< 1 Samuël 30 >

1 Het geschiedde nu, als David en zijn mannen den derden dag te Ziklag kwamen, dat de Amalekieten in het zuiden en te Ziklag ingevallen waren, en Ziklag geslagen, en dezelve met vuur verbrand hadden;
On the third day David and his men arrived in Ziklag, and the Amalekites had raided the Negev, attacked Ziklag, and burned it down.
2 En dat zij de vrouwen, die daarin waren, gevankelijk weggevoerd hadden; doch zij hadden niemand doodgeslagen, van den kleinste tot den grootste, maar hadden ze weggevoerd en waren huns weegs gegaan.
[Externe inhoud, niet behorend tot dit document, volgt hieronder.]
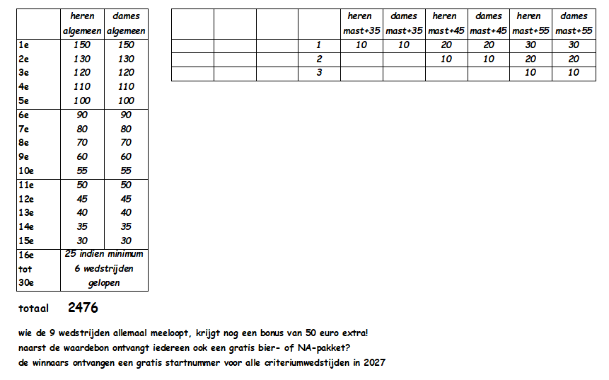 Kalender - Inschrijven - Prijzen - Tussenstand - Sponsors
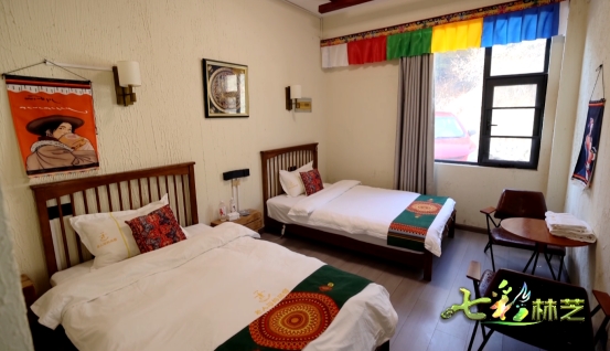 为了给游客打造与众不同的居住体验,民宿在设计上采用新藏式的装修风格。房间里,床榻、桌椅大多为木质,保留了原始的质感,触手生温;装饰的摆件,在色彩搭配上,选取了藏族传统偏好的明亮色系,像热烈的红、纯净的蓝,碰撞出独特的视觉效果。这种风格巧妙融合了藏文化元素,让游客在休憩时也能领略藏地风情,体验特色文化。
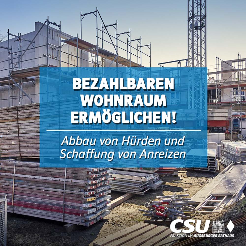 CSU-Fraktion begrüßt Beschlüsse für mehr Wohnraum in Augsburg
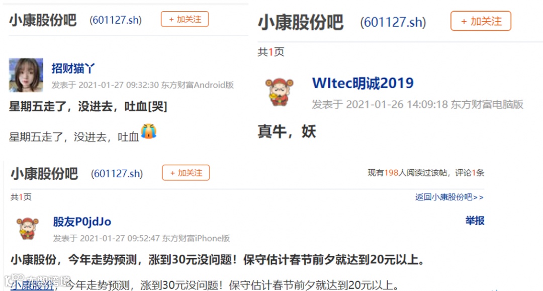 该消息一经发布,小康股份股价连续2个交易日涨停。股吧里,有投资者评价道:“真牛,妖!”1月22日提前下车的投资者,更是“吐血”!有投资者预测:“今年涨到30元没问题!保守估计春节前夕就达到20元以上。”
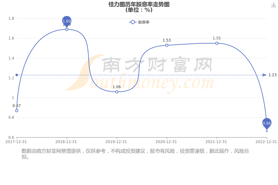 近年佳力图年度股息率走势如下图:
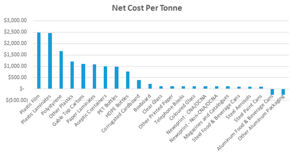 Net Cost Per Tonne for Blue Box Materials (Adapted from Stewardship Ontario PIM Model [16]).

They had taken captive the women and all who were there, both young and old. They had not killed anyone, but had carried them off as they went on their way.
3 En David en zijn mannen kwamen aan de stad, en ziet, zij was met vuur verbrand; en hun vrouwen, en hun zonen en hun dochteren waren gevankelijk weggevoerd.
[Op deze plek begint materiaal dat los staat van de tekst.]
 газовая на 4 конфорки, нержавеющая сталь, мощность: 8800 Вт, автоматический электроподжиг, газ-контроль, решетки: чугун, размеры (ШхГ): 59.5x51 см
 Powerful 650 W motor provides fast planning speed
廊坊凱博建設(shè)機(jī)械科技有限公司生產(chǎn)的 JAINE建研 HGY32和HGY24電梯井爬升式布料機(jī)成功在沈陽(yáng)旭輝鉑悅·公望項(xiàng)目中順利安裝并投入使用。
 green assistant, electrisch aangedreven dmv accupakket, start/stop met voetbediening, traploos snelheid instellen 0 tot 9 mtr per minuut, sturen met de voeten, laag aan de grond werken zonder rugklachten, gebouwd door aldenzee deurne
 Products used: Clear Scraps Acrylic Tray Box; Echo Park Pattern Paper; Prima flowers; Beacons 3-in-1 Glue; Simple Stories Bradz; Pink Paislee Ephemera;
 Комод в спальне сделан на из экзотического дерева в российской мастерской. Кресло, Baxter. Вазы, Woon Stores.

When David and his men came to the city, they found it burned down and their wives and sons and daughters taken captive.
4 Toen hief David en het volk, dat bij hem was, hun stem op, en weenden, tot dat er geen kracht meer in hen was om te wenen.
So David and the troops with him lifted up their voices and wept until they had no strength left to weep.
5 Davids beide vrouwen waren ook gevankelijk weggevoerd, Ahinoam, de Jizreelietische, en Abigail, de huisvrouw van Nabal, den Karmeliet.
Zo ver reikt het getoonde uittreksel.